Palabra musical contra las guerras
El credo pacifista del Réquiem de guerra inundó anteanoche el Auditori de Barcelona en la primera gran cita musical del Fórum. La monumental partitura del compositor británico Benjamin Britten es un clamoroso canto contra la guerra, contra todas las guerras, que tuvo como supremo guía a Mstislav Rostropóvich, un mito viviente que respira música y combate la intolerancia con la misma energía que derrocha en los escenarios.
El gran músico azerbaiyano se entregó a fondo, con el corazón encogido por la sobrecogedora fuerza expresiva de un canto a la reconciliación que simboliza, como pocas partituras, los valores de paz, convivencia y diversidad cultural que inspiran al Fórum de las Culturas.
El carisma de Rostropóvich inspiró a una espectacular plantilla orquestal y coral, integrada por más de trescientas personas, en un despliegue de efectivos que impresionó, de entrada, al público, que en la noche del viernes casi llenó el Auditorio. El Réquiem de guerra dejó sin aliento al público que asistió en 1962 a la ceremonia de reconsagración de la catedral de Coventry, reducida a escombros por los bombardeos de la Luftwaffe alemana en 1940, en mayo de 1962. Más de cuarenta años después de su estreno, su mensaje de reconciliación sigue vivo, como una elocuente palabra musical contra la barbarie bélica que Rostropóvich, amigo de Britten y declarado pacifista, dirigió con el corazón en un puño.
La energía y la convicción del genial violonchelista y director de orquesta azerbaiyano disparó la temperatura emocional del concierto. La Orquestra Simfònica de Barcelona i Nacional de Catalunya (OBC) dio la talla en una obra compleja, con su plantilla reforzada y desdoblada en dos formaciones, una sinfónica y una de cámara. Una entusiasta masa coral, integrada por el Orfeó Català, el Cor Madrigal y la Escolanía de Montserrat, y un soberbio trío de voces solistas formado por la soprano lírica rusa Olga Guryakova, el barítono danés Bo Skovhus y el tenor australiano Steve Davislim, que sólo perdió algo de fuelle al final de la obra.

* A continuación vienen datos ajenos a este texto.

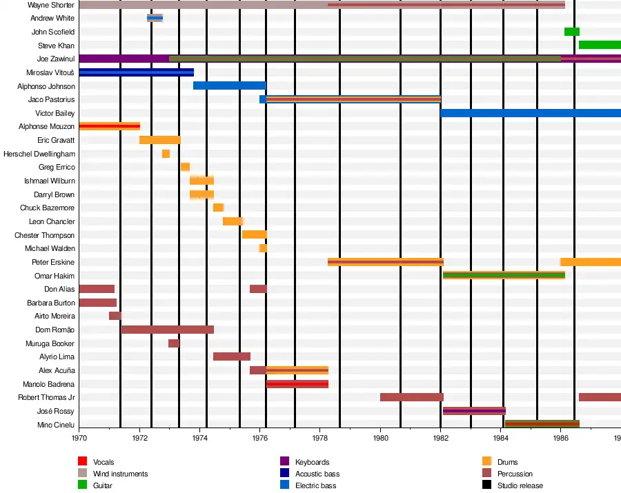 | Past members | Joe Zawinul Wayne Shorter Jaco Pastorius Miroslav Vitouš Alphonse Mouzon Don Alias Airto Moreira Muruga Booker Dom Um Romão Eric Gravatt Greg Errico Alphonso Johnson Leon "Ndugu" Chancler Narada Michael Walden Chester Thompson Alex Acuña Manolo Badrena Peter Erskine Robert Thomas Jr. Omar Hakim Victor Bailey Mino Cinélu Steve Gadd Tony Williams Andrew White |

Sin perderse en detalles, clarificando los planos y buscando siempre la expresividad más directa, Rostropóvich dejó que la música, sin concesiones a la espectacularidad, llegara directamente al corazón del público. Sin abusar de los contrastes dinámicos, logró clímax sonoros de enorme impacto y momentos de indescriptible belleza lírica.